Barney Frank's Links To The Genovese Crime Family
Image by roberthuffstutter via Flickr
Barney Frank, originally from Bayonne, NJ, was profiled last year in a piece by Jeffrey Toobin in The New Yorker, and according to the Congressman "his father was involved with the Mafia": "Because Bayonne was such a sleazy place, nobody knew whether Barney was going to wind up in Congress or in jail" [said lawyer Alan Dershowitz]. According to Frank, his father was involved with the Mafia. "[Alfonse Frank] Funzi Tieri, a big-time gangster with the Genovese family, came to my brother David's bar mitzvah, when I was twenty-three," he said. Sam Frank died at the age of fifty-three, while Barney was an undergraduate at Harvard, and Barney took a year off to help resolve the family's tangled financial affairs. "The Mafia guys were very helpful to me at the time," he said.
Sam Frank "operated Tooley's Truck Terminal, near the mouth of the Holland Tunnel in Jersey City":
"My father ran a truck stop," Frank told me. "He sort of lived on the fringes. We're talking about Hudson County—Frank Hague was the boss—a totally corrupt place. In 1946, my father's brother Harry got the contract to sell cars to the city, and of course he had to give a kickback to the guys who ran the city. My father was a middleman or something." Sam was subpoenaed to testify before a grand jury about the matter. He refused and was found in criminal contempt. "For a while, he was hiding out from the cops in New York," Frank recalled. "I was six years old, and once I went to see him in the city, and we saw 'Robin Hood,' with Errol Flynn. The next day, the cops came to my first-grade class to interview me, to see if I had been with my dad. My father's sister, Aunt Minnie, taught at the school. She heard about the cops coming and went straight to my classroom to break it up, so I didn't have to talk." Eventually, Sam returned to New Jersey, and was jailed for refusing to testify. "They treated him nice," Frank said. "They let my mother bring him food. He served for about a year."

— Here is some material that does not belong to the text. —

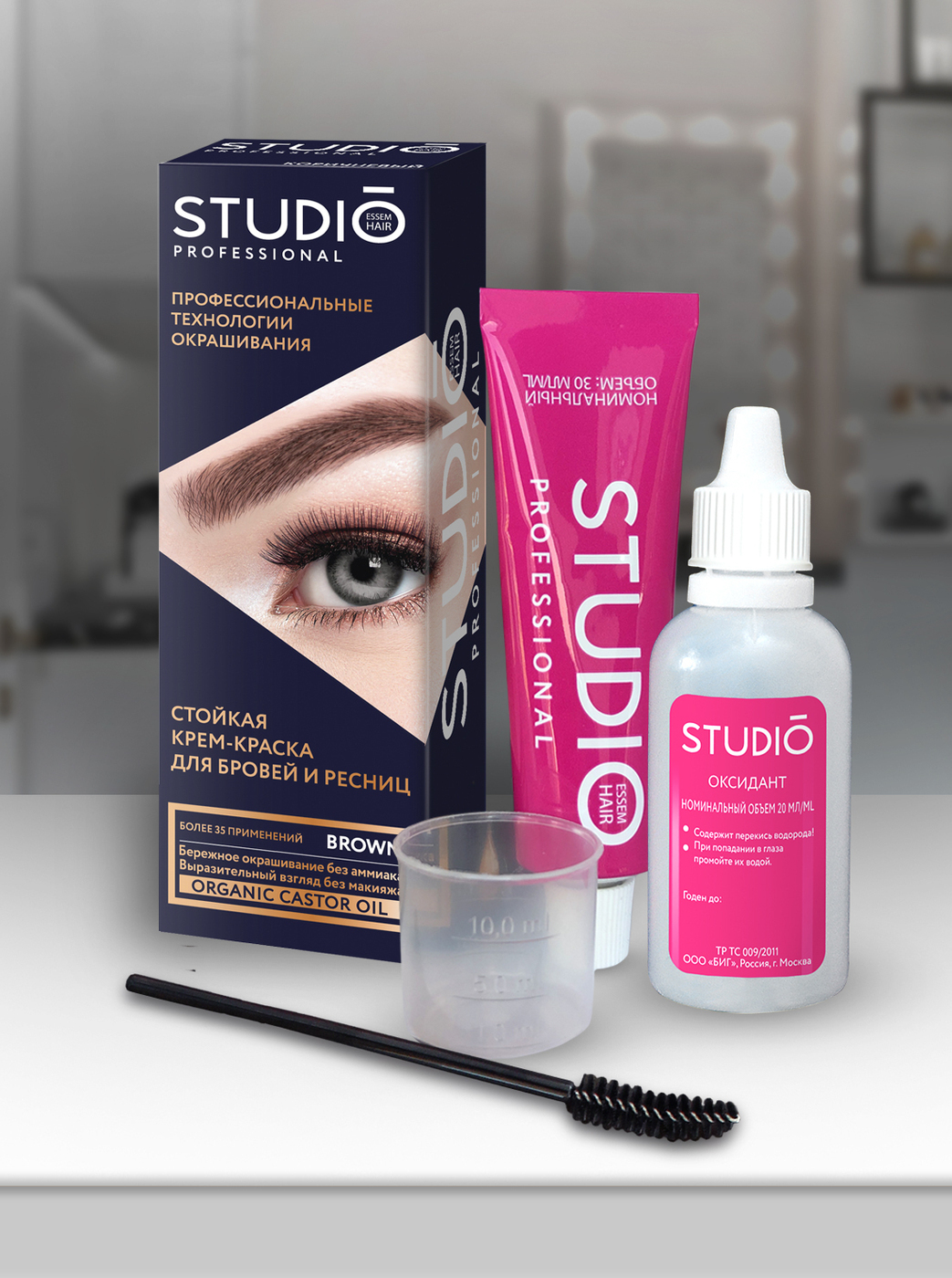 Studio Стойкая краска для бровей и ресниц Коричневая (Brown), 50/30 мл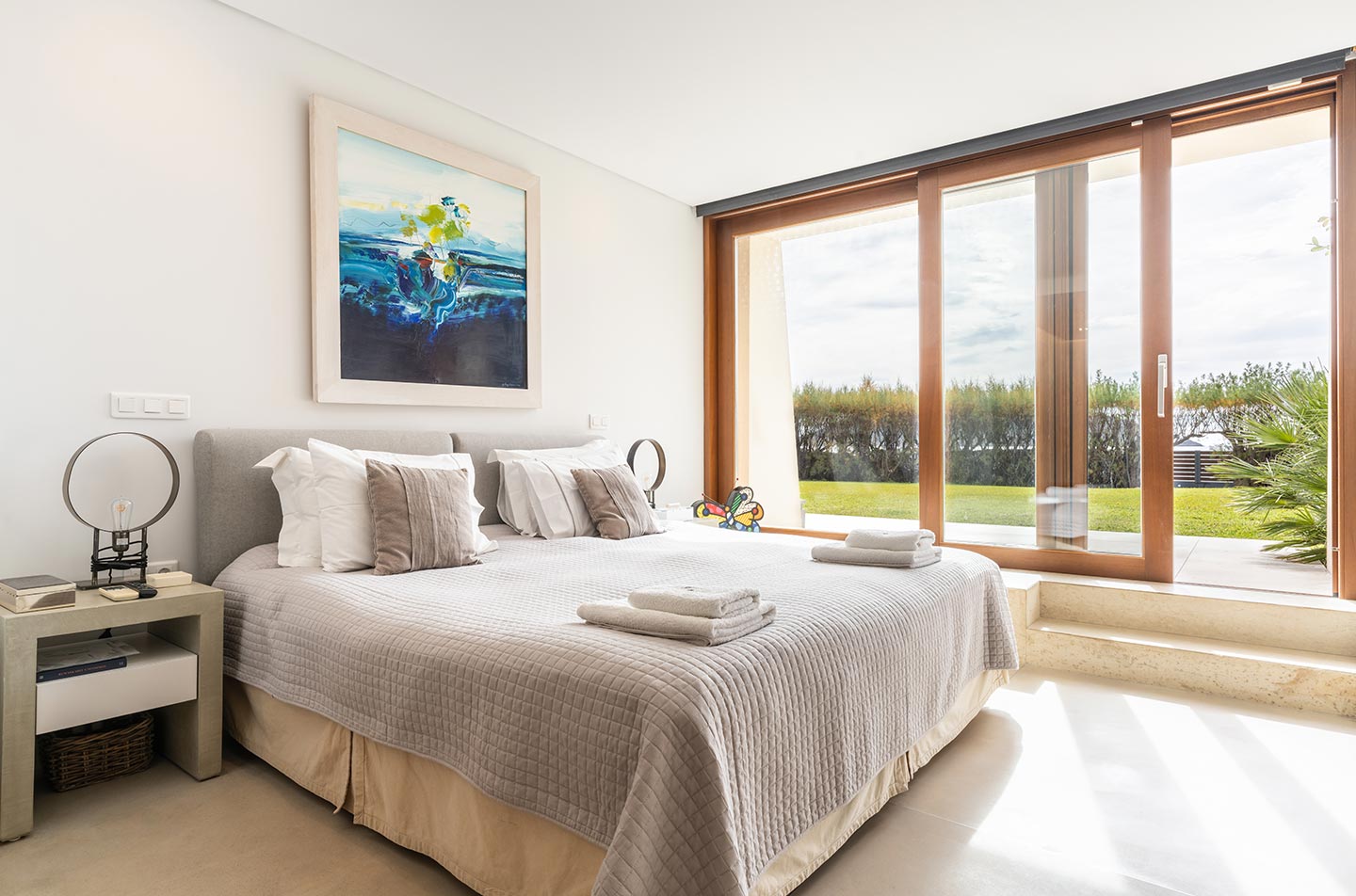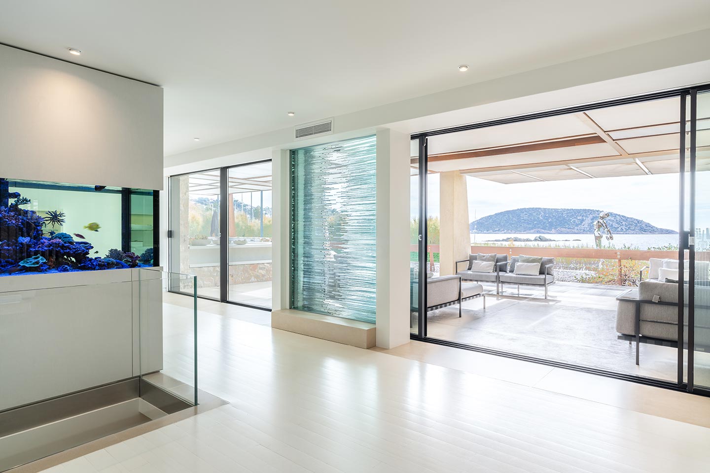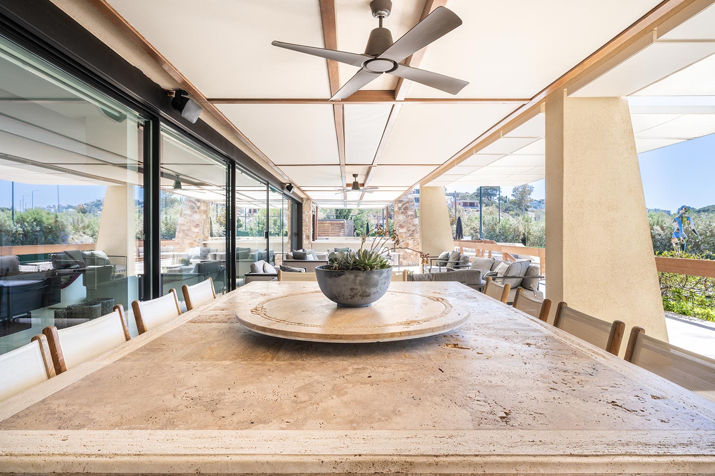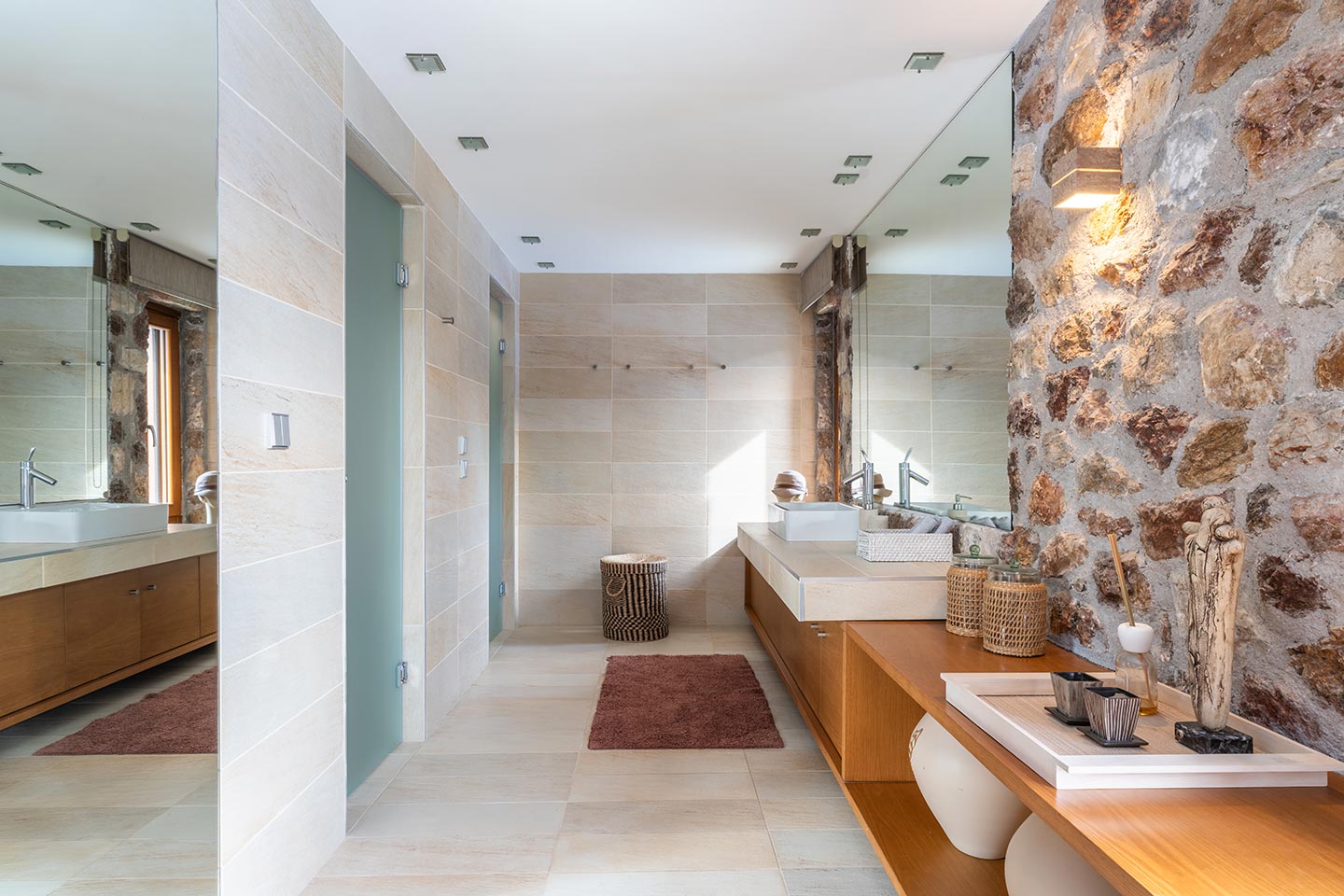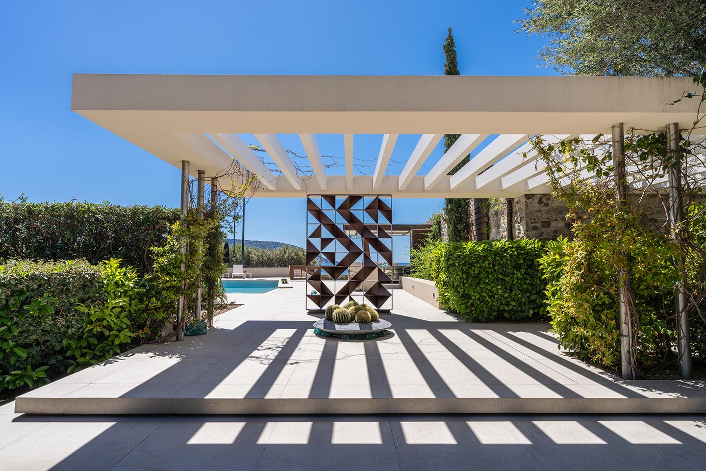 This spacious villa accommodates up to 14 guests across 7 beautifully designed bedrooms (5 in the main house and 2 in separate guesthouses). Ideal for families, groups, or multi-generational stays, it offers the perfect balance of private comfort and open, shared spaces. The villa boasts two private pools, expansive terraces for al fresco dining, and direct access to a secluded beach, offering guests the ultimate in relaxation and outdoor living. The panoramic views of the Aegean Sea and lush landscapes create a stunning backdrop for every occasion. For those seeking an active getaway, the villa features a tennis court, padel court, and a mini soccer field, ensuring that guests of all interests are well catered for. Whether it’s a friendly match or a leisurely day by the pool, the villa offers the perfect setting for both relaxation and recreation. The villa’s interiors are a blend of postmodern sophistication and playful 70s and pop art-inspired design. High-end materials such as stone, wood, and metal are combined with vibrant décor to create a visually captivating environment that encourages both relaxation and creative expression.

Given Frank's sexual orientation it's ironic that Tieri had an apparent relationship with his family. After all, according to former Daily News reporter and editor Thomas Collins Jr. in his 2002 memoir NewsWalker, Matthew Ianniello -- convicted in 1985 for a skimming operation involving several of his establishments -- allegedly "was sponsored into the Genovese crime family by Frank 'Funzi' Tieri." As this blog previously has reported:
Ianniello perhaps is best known for the dozens of gay bars and discos in New York City with which he allegedly was involved during the 1960s, 1970s and 1980s including the hustler bar Haymarket, the tranny bar Gilded Grape, and the circus-like disco GG Barnum's Room. Indeed, no man had more of an instrumental role in gay nightlife in New York City than Ianniello, and although straight he probably should receive an honorary plaque recognizing his achievements from the city's Gay and Lesbian Chamber of Commerce.